Wellesley Chief Financial Officer Sheryl Strother didn’t waste any time in mentioning COVID-19 during her Select Board presentation on preliminary fiscal year 2022 (ended June 30) financial results, indicating that its impact continues to be felt.
“2022 continued to be impacted by COVID, the town’s immediate response to the COVID emergency was to slow spending and to pull back on capital, and particular in 2021 budgeting. The town really curtailed the capital until we could see what the revenue picture was going to look like.”
While COVID-19 had its devastating impact on health and put a hold on town infrastructure projects, Wellesley also started to financially reap the benefits of federal funding, such as from the CARES Act, that went toward town and school costs, and from ARPA, that paid for COVID-19 leave. Local government capital budgets had been tightened, but departments still wound up turning money back to the town that they hadn’t spent, and that resulted in Wellesley having a strong reserve fund to end fiscal 2021.

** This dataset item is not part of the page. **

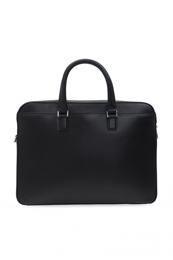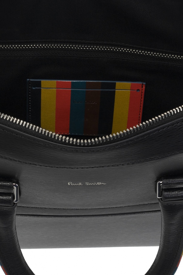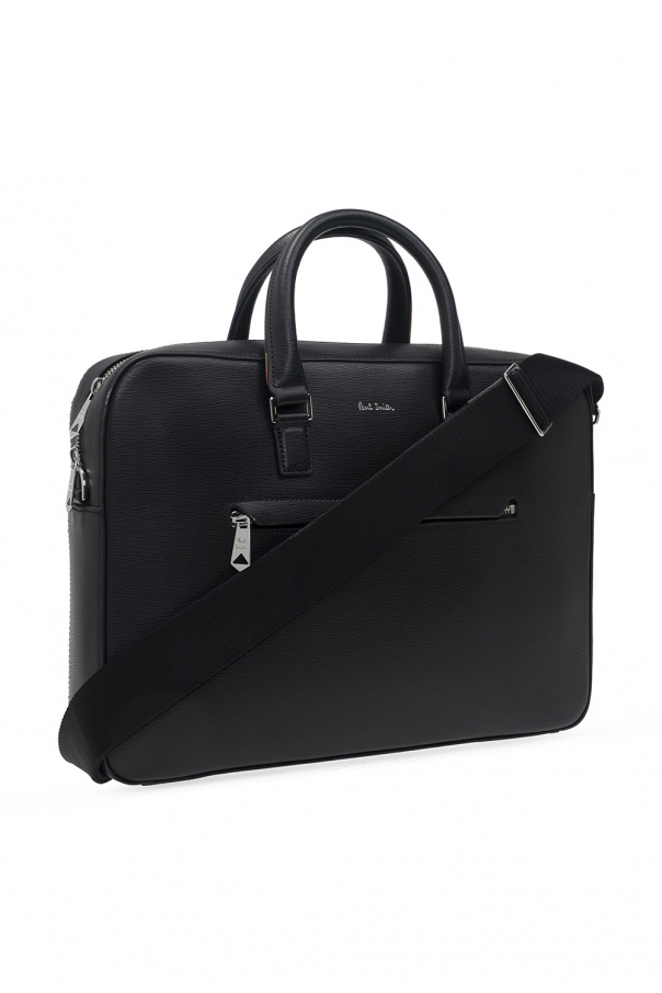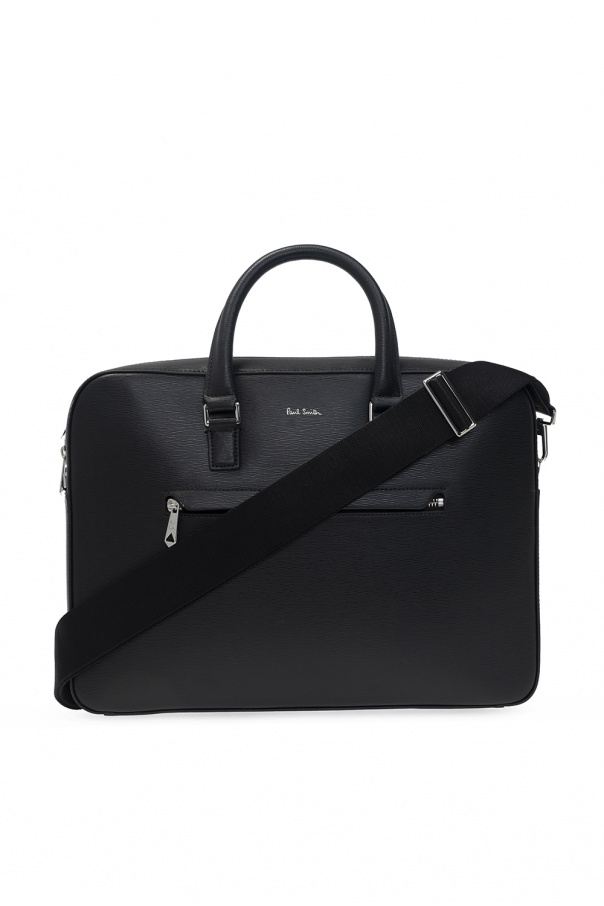 Black briefcase from Paul Smith. Printed with the designer's logo in a silver-tone hue, this textured leather-crafted item fastens via a two-way zip and employs an external zipped pocket on the front, a pocket with a magnetic closure on the back, two half-round handles, a detachable and adjustable shoulder strap and interior with one compartment and one zipped pocket.

“Even though we used significant reserves to kind of restore our capital, a little bit in 2022 and significantly more in 2023 budgeting, we’re going to close fiscal ’22 with very significant reserves,” Strother said. Local revenues, including from licenses/permits and the Recycling & Disposal Facility, far exceeded budgets. So did departmental operating turnback (unused funds), in large part because positions went vacant, with job candidates hard to find as the pandemic went on.
As a result the town’s financial reserves amount to about 20% of fiscal year 2023 budgeted revenue. Having a healthy free cash fund could help the town reduce the amount it needs to borrow—possibly via a debt exclusion and higher property taxes—for significant Town Hall renovations, which will be the subject of a Special Town Meeting on Oct. 24.
The fiscal year 2023 outlook continues to take the impact of the pandemic into account. For example, the move to a more hybrid workforce has whacked the town’s parking revenue, and as a result the town is using $500K from its general fund to subsidize its traffic and parking operations.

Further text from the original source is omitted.